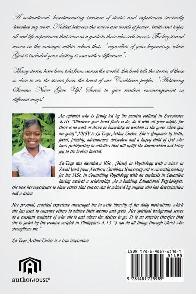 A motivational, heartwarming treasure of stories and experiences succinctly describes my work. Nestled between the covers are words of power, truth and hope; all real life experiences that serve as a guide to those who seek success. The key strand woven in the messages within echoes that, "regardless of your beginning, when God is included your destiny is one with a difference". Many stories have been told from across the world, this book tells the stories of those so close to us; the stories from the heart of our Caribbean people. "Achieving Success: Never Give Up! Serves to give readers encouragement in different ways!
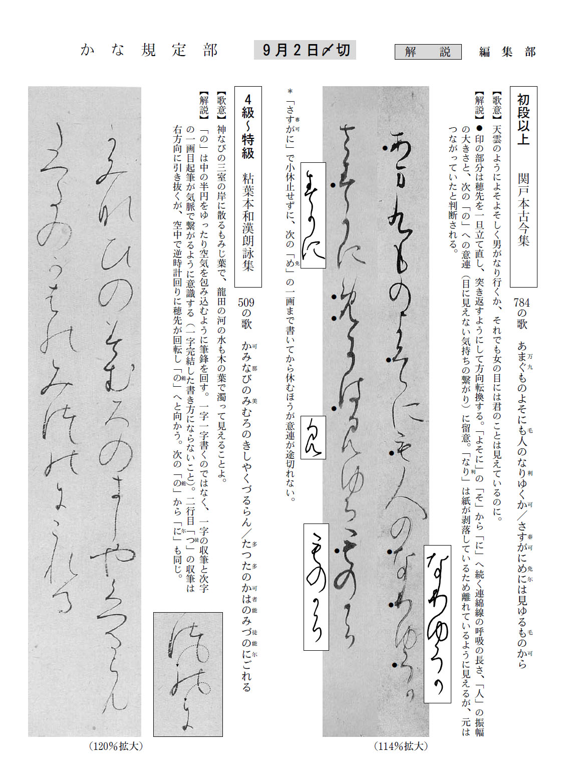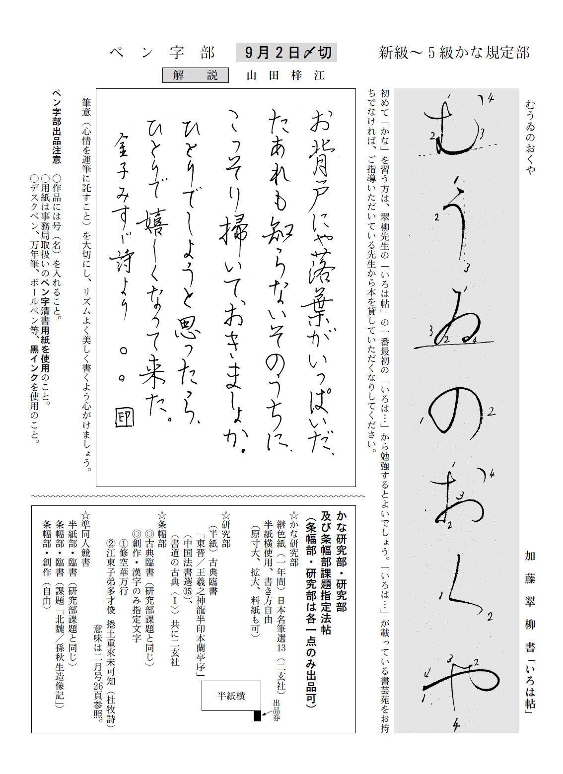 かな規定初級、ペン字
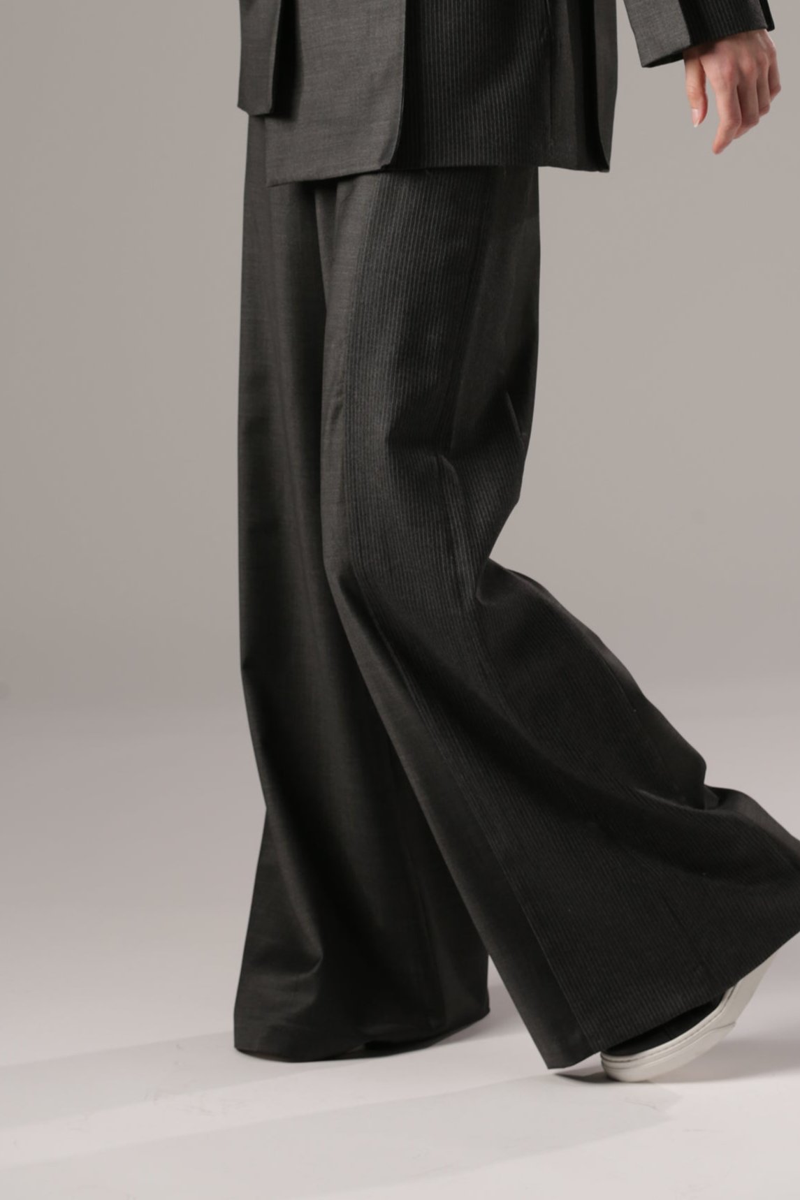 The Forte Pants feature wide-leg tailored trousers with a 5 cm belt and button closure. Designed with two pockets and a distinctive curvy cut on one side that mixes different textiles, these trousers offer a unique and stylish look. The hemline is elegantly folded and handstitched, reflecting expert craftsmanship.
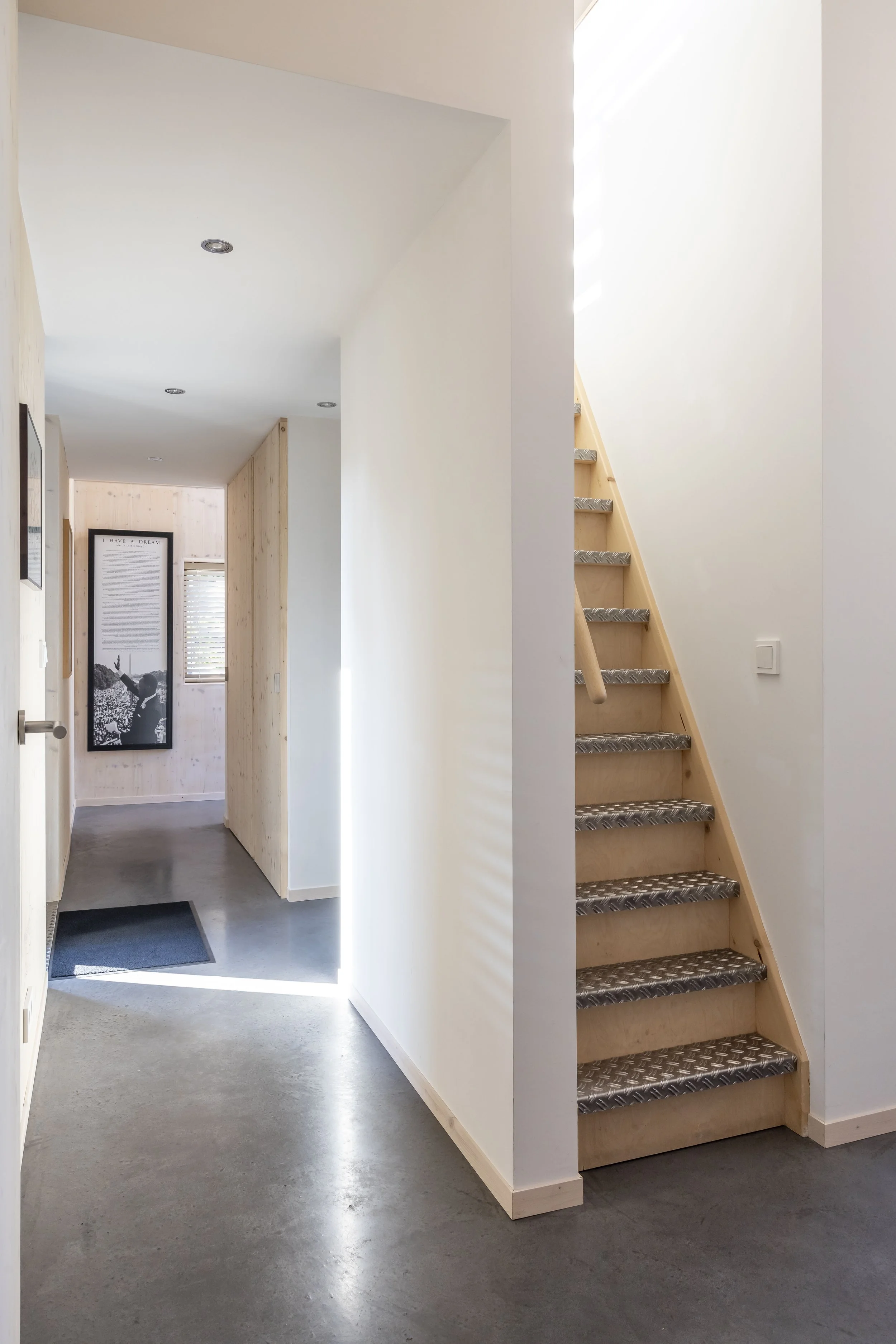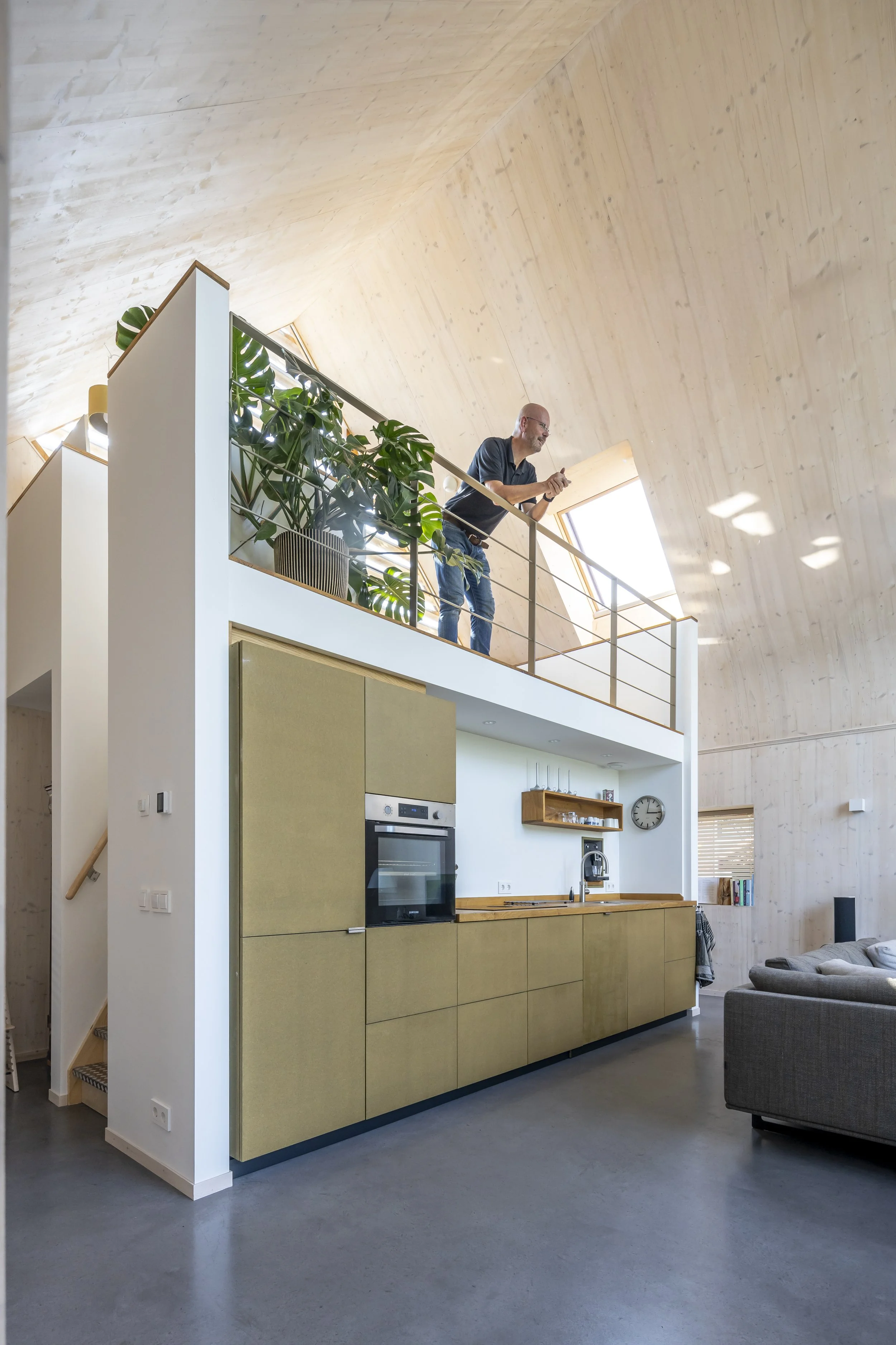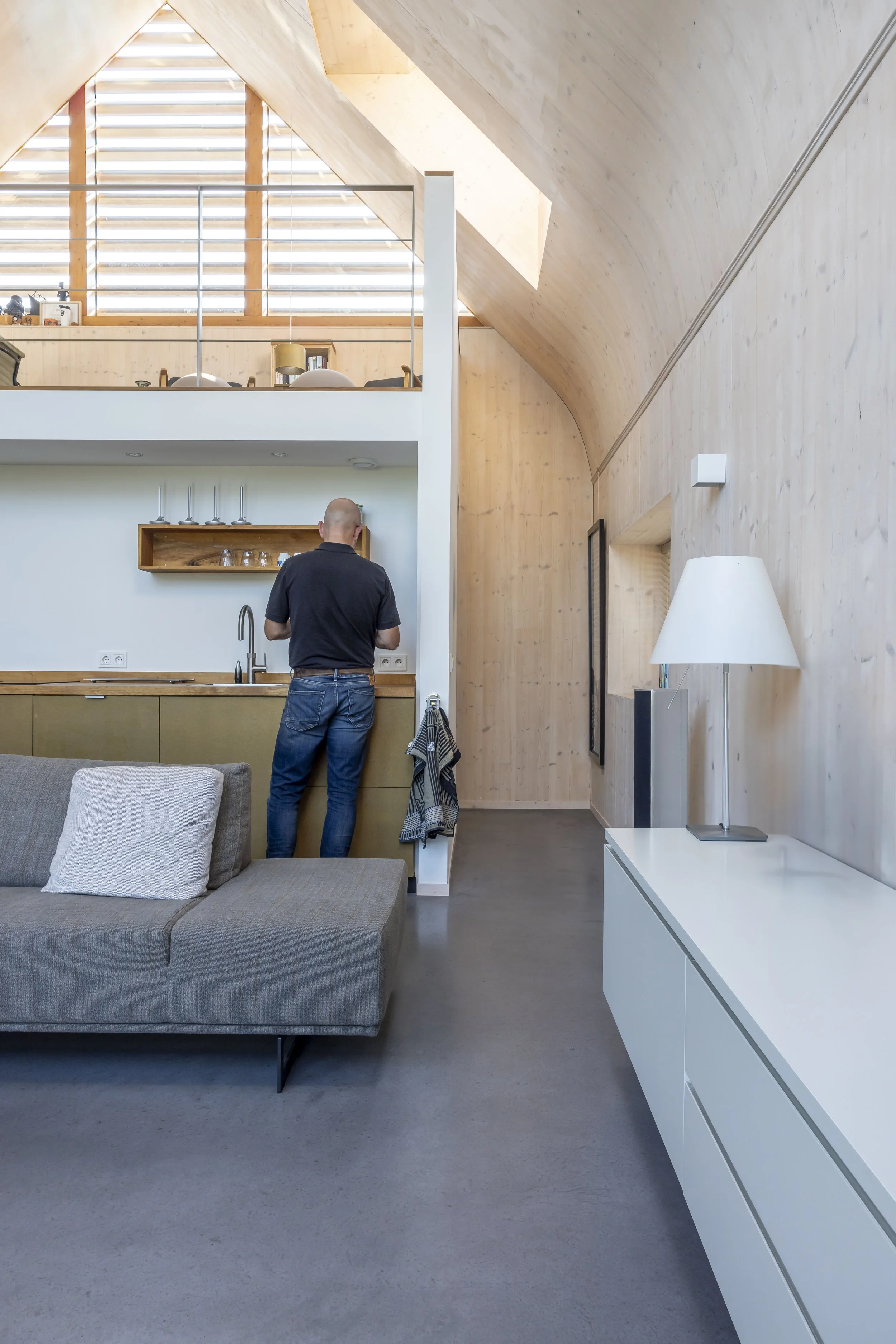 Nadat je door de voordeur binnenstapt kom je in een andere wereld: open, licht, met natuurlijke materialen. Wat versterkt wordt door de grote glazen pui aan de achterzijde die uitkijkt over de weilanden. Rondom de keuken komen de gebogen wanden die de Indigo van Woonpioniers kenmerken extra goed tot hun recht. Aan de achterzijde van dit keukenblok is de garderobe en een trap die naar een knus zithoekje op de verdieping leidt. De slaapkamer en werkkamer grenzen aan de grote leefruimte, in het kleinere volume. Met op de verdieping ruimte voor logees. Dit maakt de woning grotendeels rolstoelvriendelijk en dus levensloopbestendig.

+ + +

About this task:
Please write the material out again exactly as shown above, minus any pictures.

Response box:
 A motivational, heartwarming treasure of stories and experiences succinctly describes my work. Nestled between the covers are words of power, truth and hope; all real life experiences that serve as a guide to those who seek success. The key strand woven in the messages within echoes that, "regardless of your beginning, when God is included your destiny is one with a difference". Many stories have been told from across the world, this book tells the stories of those so close to us; the stories from the heart of our Caribbean people. "Achieving Success: Never Give Up! Serves to give readers encouragement in different ways!
 かな規定初級、ペン字
 The Forte Pants feature wide-leg tailored trousers with a 5 cm belt and button closure. Designed with two pockets and a distinctive curvy cut on one side that mixes different textiles, these trousers offer a unique and stylish look. The hemline is elegantly folded and handstitched, reflecting expert craftsmanship.
 Nadat je door de voordeur binnenstapt kom je in een andere wereld: open, licht, met natuurlijke materialen. Wat versterkt wordt door de grote glazen pui aan de achterzijde die uitkijkt over de weilanden. Rondom de keuken komen de gebogen wanden die de Indigo van Woonpioniers kenmerken extra goed tot hun recht. Aan de achterzijde van dit keukenblok is de garderobe en een trap die naar een knus zithoekje op de verdieping leidt. De slaapkamer en werkkamer grenzen aan de grote leefruimte, in het kleinere volume. Met op de verdieping ruimte voor logees. Dit maakt de woning grotendeels rolstoelvriendelijk en dus levensloopbestendig.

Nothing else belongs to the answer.